We define the modulation index as:
B = a_m / f_m

Create a patch for FM synthesis with equal carrier and modulator frequencies. Illustrate your observations of the amplitude spectrum of the resulting signal at each of the following values of the modulation index: 0, 0.5, 1.

One should notice that at non-zero values of the modulation index, harmonic spectra are produced with a fundamental frequency, f_c. In general, FM introduces frequency components at frequencies: |f_c + n*f_m|, where n is any integer value (at negative values of f_c + n*f_m the component is effectively an inverted positive frequency component). Hence, when f_c = f_m, harmonics exist at f_c, 2 f_c, 3 f_c, ... The amplitudes of the harmonics are dependent on a_m, and can be derived in a non-trivial manner by expanding the Fourier series of the FM signal, involving Bessel functions. As a general rule though, by keeping f_m constant whilst increasing the modulation index, the amplitude of the sidebands increases, but the frequencies of the sidebands do not change. As a rule of thumb, Carson's rule states that nearly all (~98%) of the power of a frequency modulated signal lies within a bandwidth of B = 2(fΔ+f_m), where fΔ is the peak deviation of the instantaneous frequency f(t) from the center carrier frequency, f_c, and f_m is the highest modulating frequency.

Harmonic spectra (i.e. where frequency components occur at integer multiples of a certain fundamental frequency) occur when f_c:f_m = 1:1. At what other integer ratios would harmonic spectra occur (preparation)?
Design a patch for FM synthesis which allows independent control of carrier frequency and modulation index, where the ratio f_c:f_m can be selected between different harmonic ratios determined above. Verify that the resulting amplitude spectrum of the signal is harmonic.
Bell-like and other sounds can be obtained using f_c:f_m ratios that do not produce harmonic spectra. Explore some of these possibilities by allowing independent control of carrier and modulator frequencies.

4. Effects

4.1 Single-tap delays

Fig 3: Single-tap feedforward delay line

A wide range of effects based upon delays can be implemented in pd. A delay line is basically a circular buffer in memory, which is sequentially filled at regular sampling intervals with sample values. A write pointer points to the location in memory where the current sample is to be stored. When the end of the buffer is reached, the write pointer returns to the start of the buffer and begins to overwrite old samples. Samples can be read from the buffer using one or more taps or read pointers at specified lags behind the write pointer (i.e. a tap will read samples that are n samples old if it points to a location n memory locations behind the write pointer). In pd, delwrite~ can be used to allocate memory for a delay line, and delread~ creates a tap from the delay line (more than one tap can be created using multiple instances of delread~).

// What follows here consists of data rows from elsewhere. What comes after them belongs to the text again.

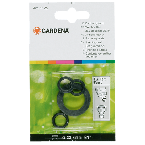 Gardena pakningssæt, pakke med 1 pakning og 3 O-ringe.
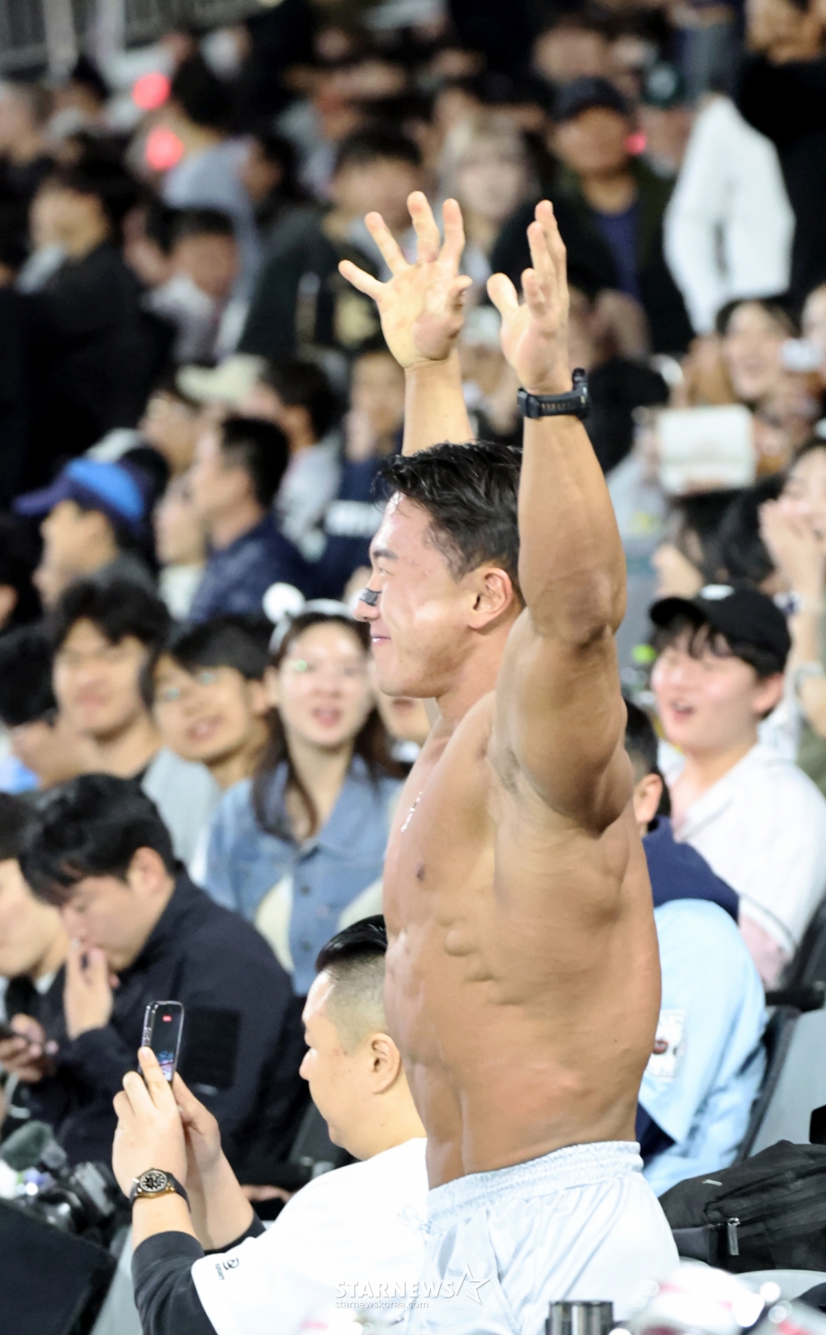 30日,在水原KT Wizpark举行的2026KBO联赛LG双子队与KT Wizpark队的比赛第5回合末,KT队扳平比分后,开球的健美运动员朴在勋(音)在局结束后脱掉上衣,展示了自己的身体。 2026.04.30
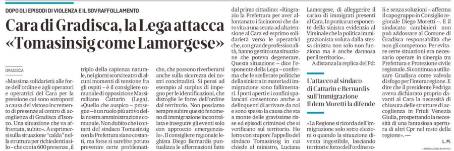 CARA GRADISCA. BERNARDIS (LEGA): SINISTRA IN CONFUSIONE, RISSE RISULTATO DI POLITICHE PRO IMMIGRAZIONE
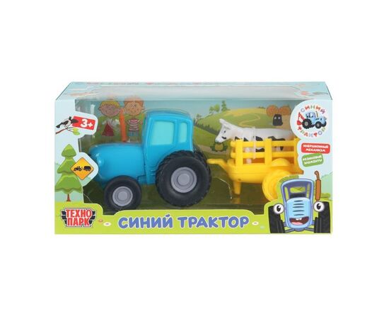 Синий Трактор с телегой и коровой, 11 см
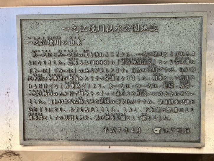 東一之江と西一之江の境を流れることから、一之江境川とよばれるようになりました。応永五年(1398年)の「葛西御厨注文」という古文書に「東一江」・「西一江」の地名が見られます。自然の河川ですが、江戸時代中期に中井堀が整備されてその分流となりました。用水として利用されるだけでなく舟運路でもあり、東一之江・西一之江・新堀・鹿骨・一之江新田の五か村で組合をつくって藻刈りや川浚いに力を合わせていました。昭和三十年代以降急速な流域の都市化がすすみ、家庭排水が流れ込むようになり、水質も悪化しました。しかし、下水道の整備により排水路としての役割も終え、再び親水公園として蘇りました。
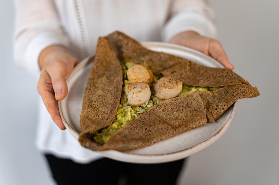 - Crêpes blé noir, fondue de poireaux au curry et Saint-Jacques, où le poireau devient un ingrédient central, fondant et aromatique.

Fig. 4: Amplitude response of a comb-filter

We are going to create some simple digital audio effects using single-tap finite impulse response (FIR) filters (see fig. 3). The difference equation and transfer function for a single-tap FIR comb filter are:

y[n] = x[n] + a x[n-M] H[z] = 1 + a z^{-M}

where M is the delay length in samples, and a is the amplitude of the delayed signal relative to x[n]. For a particular value of M, with the addition of the signal to a delayed version of itself, some frequency components will constructively interfere and others will destructively interfere. We end up with a frequency response similar to that shown in fig. 4 for both a = -1 and a = 1.

The block diagram for the effect
A description of how the effect modifies the sine tone
The effect of varying each delay parameter (eg. delay centre, modulation amount, modulation speed, number of taps)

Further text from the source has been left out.